- DATASET EXCERPT -
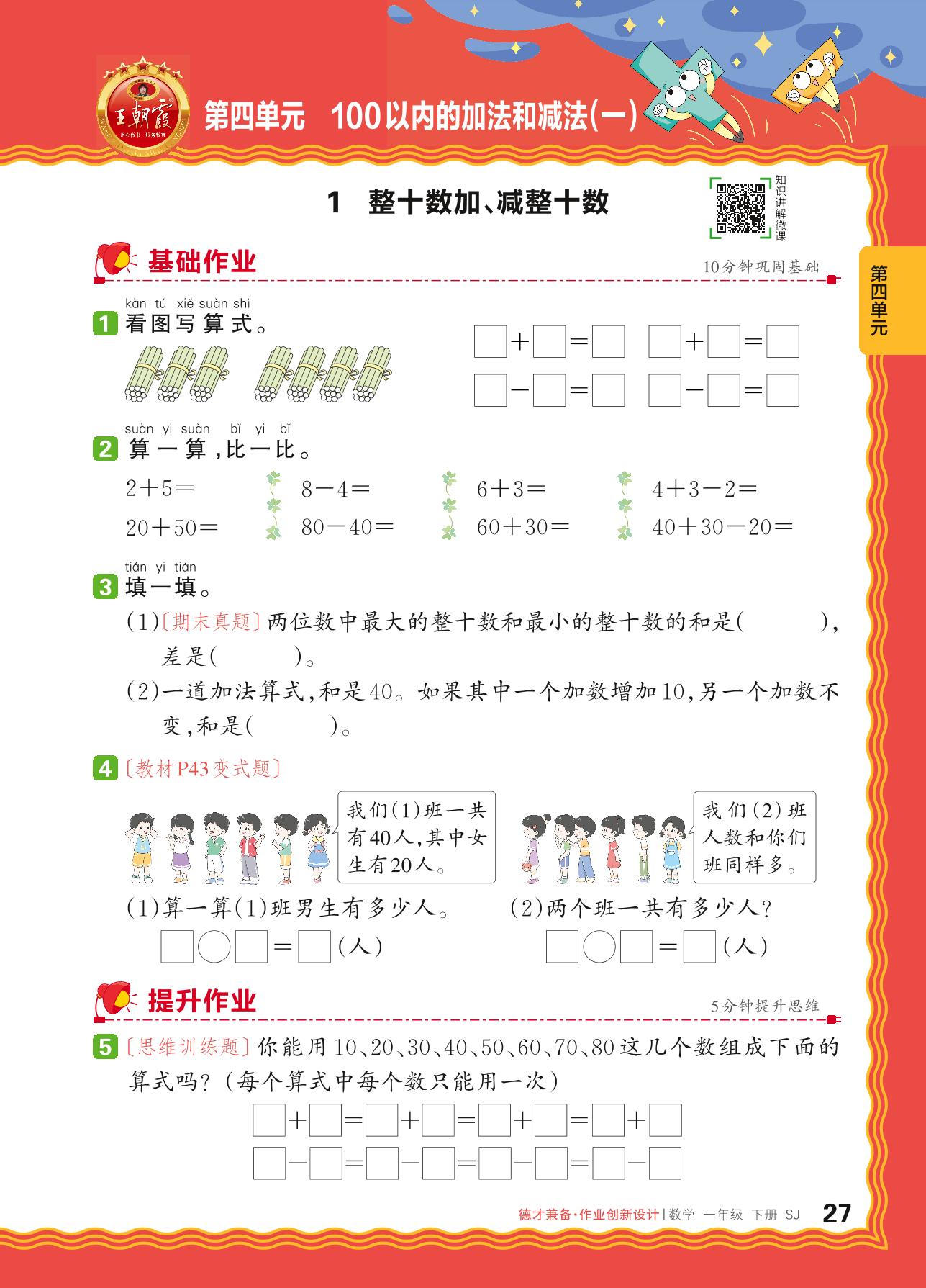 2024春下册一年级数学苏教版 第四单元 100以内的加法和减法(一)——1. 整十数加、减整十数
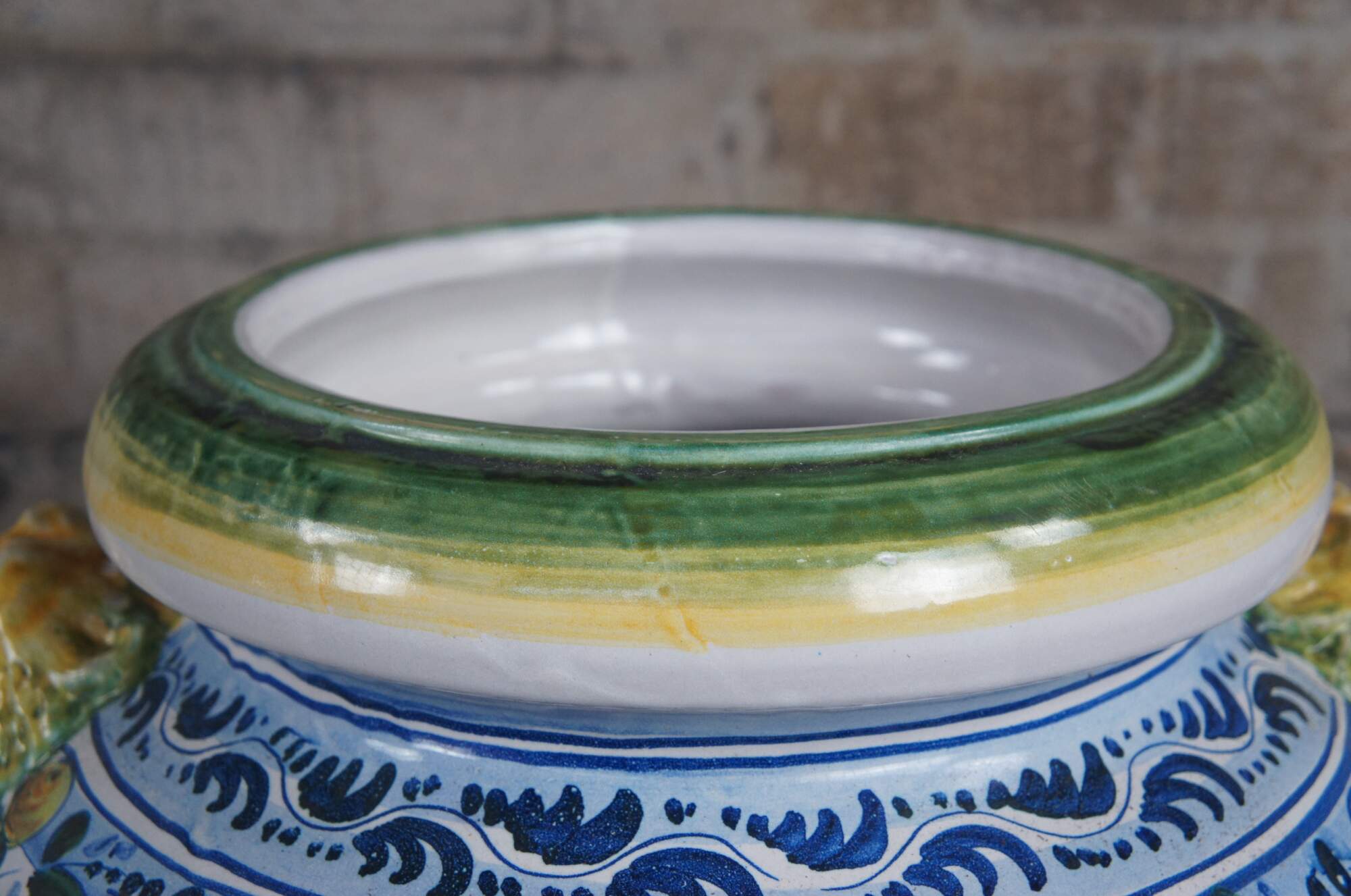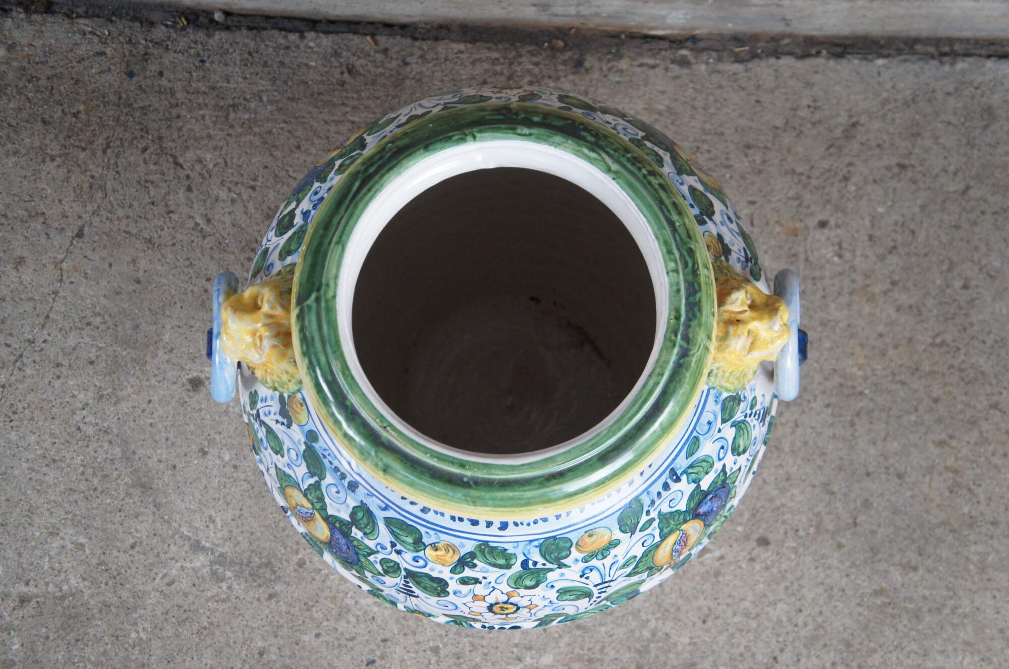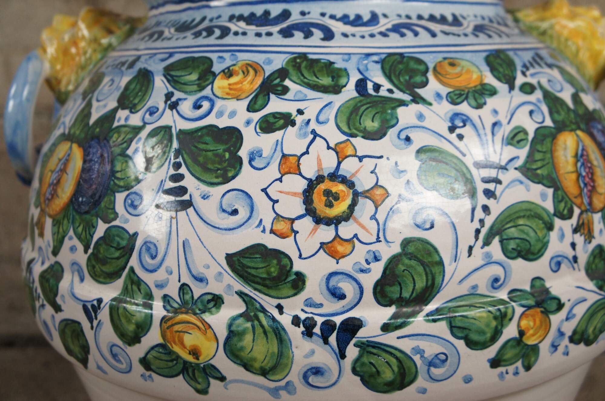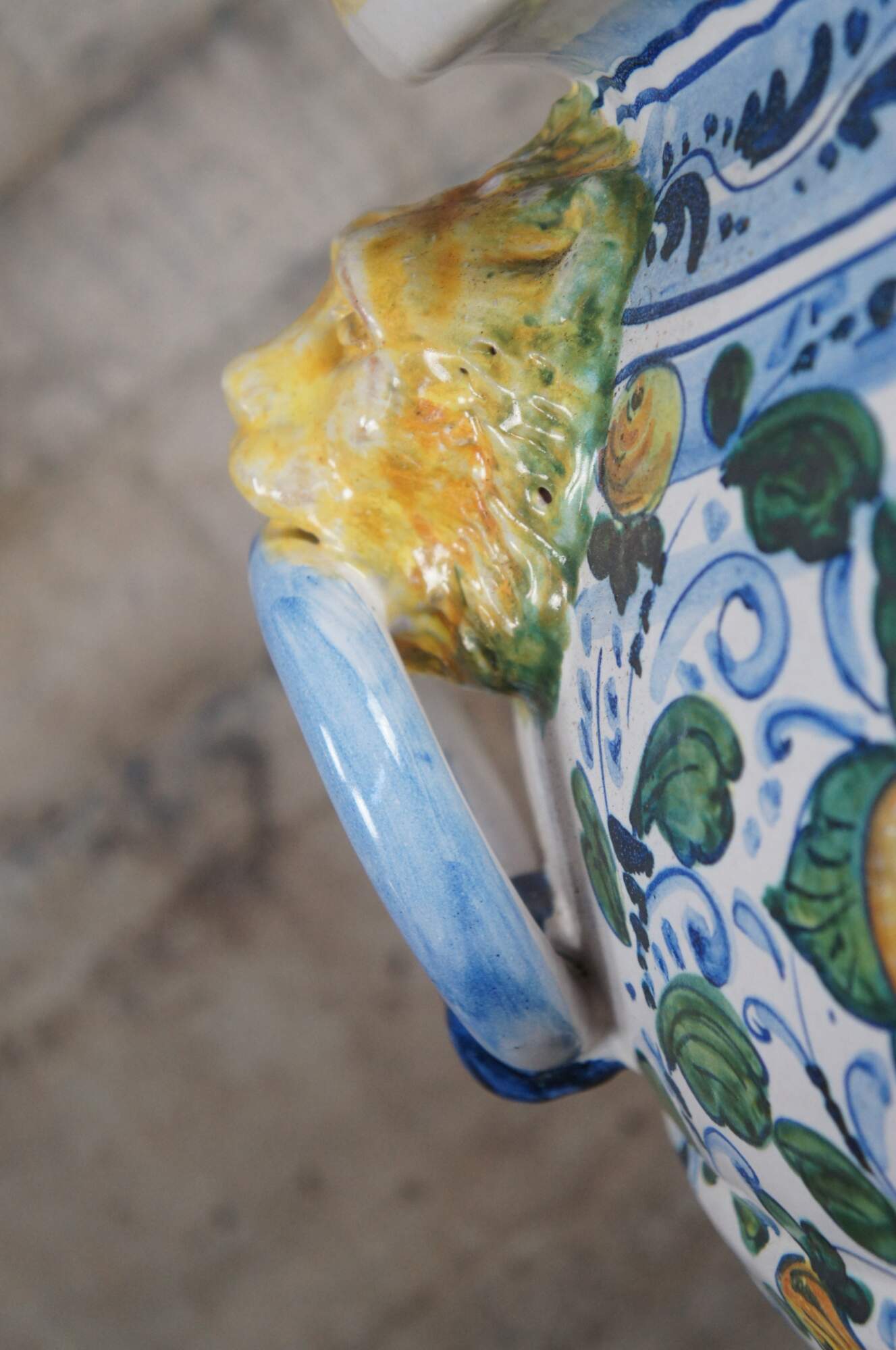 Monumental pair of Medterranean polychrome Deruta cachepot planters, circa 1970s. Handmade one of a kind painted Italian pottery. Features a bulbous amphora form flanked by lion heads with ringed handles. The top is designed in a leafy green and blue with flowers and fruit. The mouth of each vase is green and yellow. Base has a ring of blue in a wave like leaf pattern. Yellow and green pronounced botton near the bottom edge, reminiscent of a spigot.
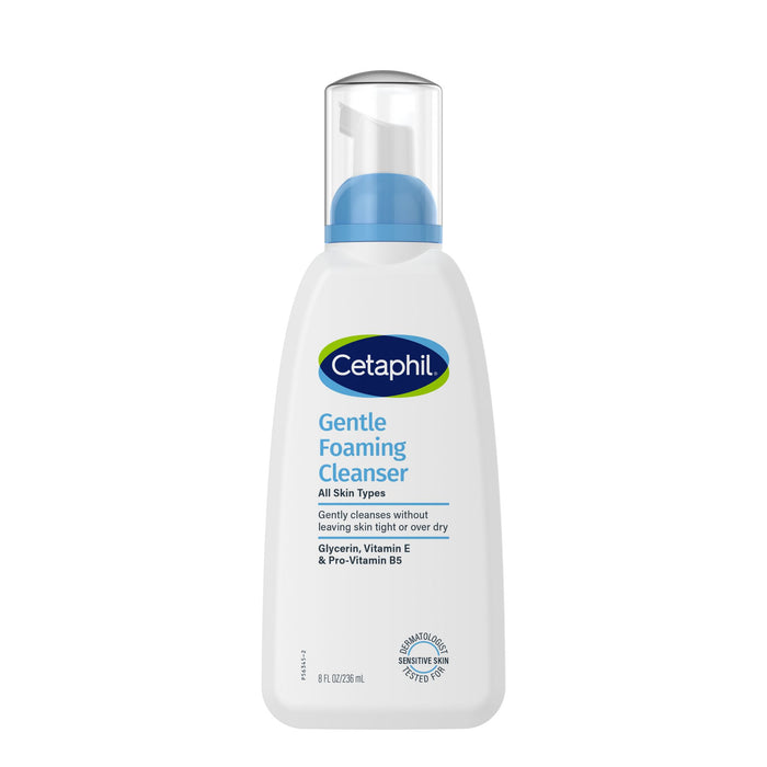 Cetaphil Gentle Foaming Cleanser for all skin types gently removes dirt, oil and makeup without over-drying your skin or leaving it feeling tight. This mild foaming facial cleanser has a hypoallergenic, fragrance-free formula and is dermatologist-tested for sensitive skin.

- EXERCISE DETAILS -
Reproduce the final stretch of lines exactly: the line containing "Monumental pair of" through the last line of the data, both included. Pictures do not belong in the copy.

- SOLUTION BELOW -
 Monumental pair of Medterranean polychrome Deruta cachepot planters, circa 1970s. Handmade one of a kind painted Italian pottery. Features a bulbous amphora form flanked by lion heads with ringed handles. The top is designed in a leafy green and blue with flowers and fruit. The mouth of each vase is green and yellow. Base has a ring of blue in a wave like leaf pattern. Yellow and green pronounced botton near the bottom edge, reminiscent of a spigot.
 Cetaphil Gentle Foaming Cleanser for all skin types gently removes dirt, oil and makeup without over-drying your skin or leaving it feeling tight. This mild foaming facial cleanser has a hypoallergenic, fragrance-free formula and is dermatologist-tested for sensitive skin.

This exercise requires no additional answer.